Patients
A total of 208 serum samples including 158 pathologically confirmed lung cancer patients and 50 healthy subjects were collected from the Department of Respiratory and Thoracic Surgery of the Second Hospital of Xi'an Jiaotong University. Informed consent was obtained from every subject prior to the study. All patients with lung cancer were found to have no evidence of other disease. The distribution of clinical stages (UICC, 1997) was as follows: 13 cases were at stage I, 41 stage II, 58 stage III, 46 stage IV. Among these patients, 68 patients suffered from squamous cell carcinomas, 53 from adenocarcinomas, 35 from small cell cancers and 2 from bronchioloalveolar carcinomas. The average age of the patients (101 males, 57 females ranging from 28 to 79 years) was 56.8. The healthy controls (31 males, 19 females ranging from 30 to72 years) came from general physical examinations, and had an average age of 54.5. The two groups were matched for age, sex and smoking history. Two milliliters of whole blood were collected during fasting and stored within one hour at 4°C. The blood was later centrifuged for 20 min at 4000 rpm, distributed into 100 μl aliquots, and stored at -80°C until used.
SELDI protein profiling
Five μL of 10 mM HCl was applied to a weak cation exchange (WCX2) chip and placed at room temperature for 10 min. Chips were rinsed with deionized water in a conical tube and then put into a bioprocessor and washed with binding buffer (100 mM NaAc, pH4) with gentle shaking twice for 5 min. Five μL of each serum and 10 μL of 9 mol/L urea were combined and vortexed on ice. 5 μL of this mixture was added to 60 μL of binding buffer. 50 μL of the serum mixture was applied to each spot and incubated on a shaker for 60 min. Chips were washed again with binding buffer with slight shaking 3 times. 200 μL of 1 mM HEPES pH7.0 was added to each well. Wells were quickly rinsed and then removed and let dry. Once dry, 0.5 μL of sinapinic acid (SPA) was applied to each spot twice. The arrays were allowed to air-dry and then stored in the dark at RT until SELDI analysis.
Data analysis
Before analysis, the data were randomly divided into two sets as follows: the training set consisted of 11 patients with stages I/II lung cancer, 63 patients with stages III/IV lung cancer and 20 healthy controls. The blinded test (in which the disease status was unrevealed) set consisted of 43 patients with stages I/II lung cancer, 41 patients with stages III/IV lung cancer and 30 healthy controls. The chips were placed in the Protein Biological system II-C mass spectrometer reader (Ciphergen Biosystems, Inc.) and TOF spectra were generated by averaging 128 laser shots with an intensity of 215 and a detector sensitivity of 9. The optimization range was from 3,000 to 50,000 Da, and a maximum of 200,000 Da. External calibration of the instrument was performed using the All-in-one peptide molecular mass standard (Ciphergen Biosystems, Inc.). We achieved a mass accuracy of 0.1% with this system.
Peak detection
Peak detection using Ciphergen Biomarker Wizard software 3.0.2 identified an average of 72 peaks/spectrum. Of the 72 peaks, 64 common peaks or clusters were generated from the training set. Eighteen of these proteins were found to have statistically differential expression levels between lung cancer and normal control sera (P < 10-4). Peak detections involved baseline subtraction, mass accuracy calibration, and automatic peak detection. The settings used for our work were as follows: for peak detection the signal-to-noise ratio was 3, minimum peak threshold was 10%; for cluster completion, the cluster mass was 0.5% and the signal-to-noise ratio for the second pass was 1.

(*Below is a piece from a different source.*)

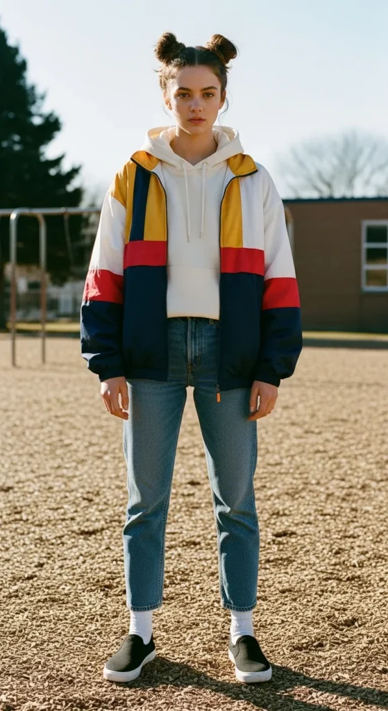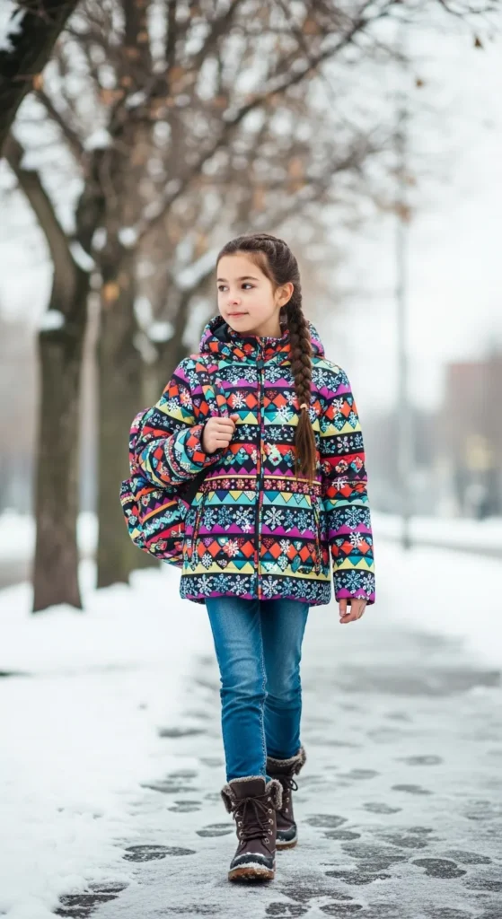 A bright color-block windbreaker over a soft hoodie brings a sporty, cheerful feel to winter school mornings. It’s warm enough for mild cold days while still letting kids move freely.

Decision tree classification
Construction of the decision tree classification algorithm was performed by Ciphergen Biomarker Pattern software version 5.0. Classification tree, selected Gini, split the data into two nodes using one rule at a time in the form of peak intensity. The splitting decisions in this case were based on the normalized intensity levels of peaks from SELDI protein expression profile. The process of splitting was continued until terminal nodes were created. After V-fold cross validation 50, the accuracy of each classification tree was then challenged with the blinded test set.
Detection of serum Cyfra21-1 and NSE
The two markers, Crfra21-1 and NSE, were measured in the 208 sera included in this study using an electrochemiluminescent immunoassay (ECLIA, Elecsys 2010 system, Roche Diagnostics, Switzerland). The cutoff values for Crfra21-1 and NSE, recommended by the manufacturers, were 3.3 ng ml-1and 16.3 ng ml-1, respectively.
Statistical analysis
Comparison of relative peak intensity levels between groups was made using the Student's t test and in all cases P < 10-4 was considered statistically significant. Comparison of rates between groups was conducted using the χ2 test and P < 0.05 was regarded as a significant difference.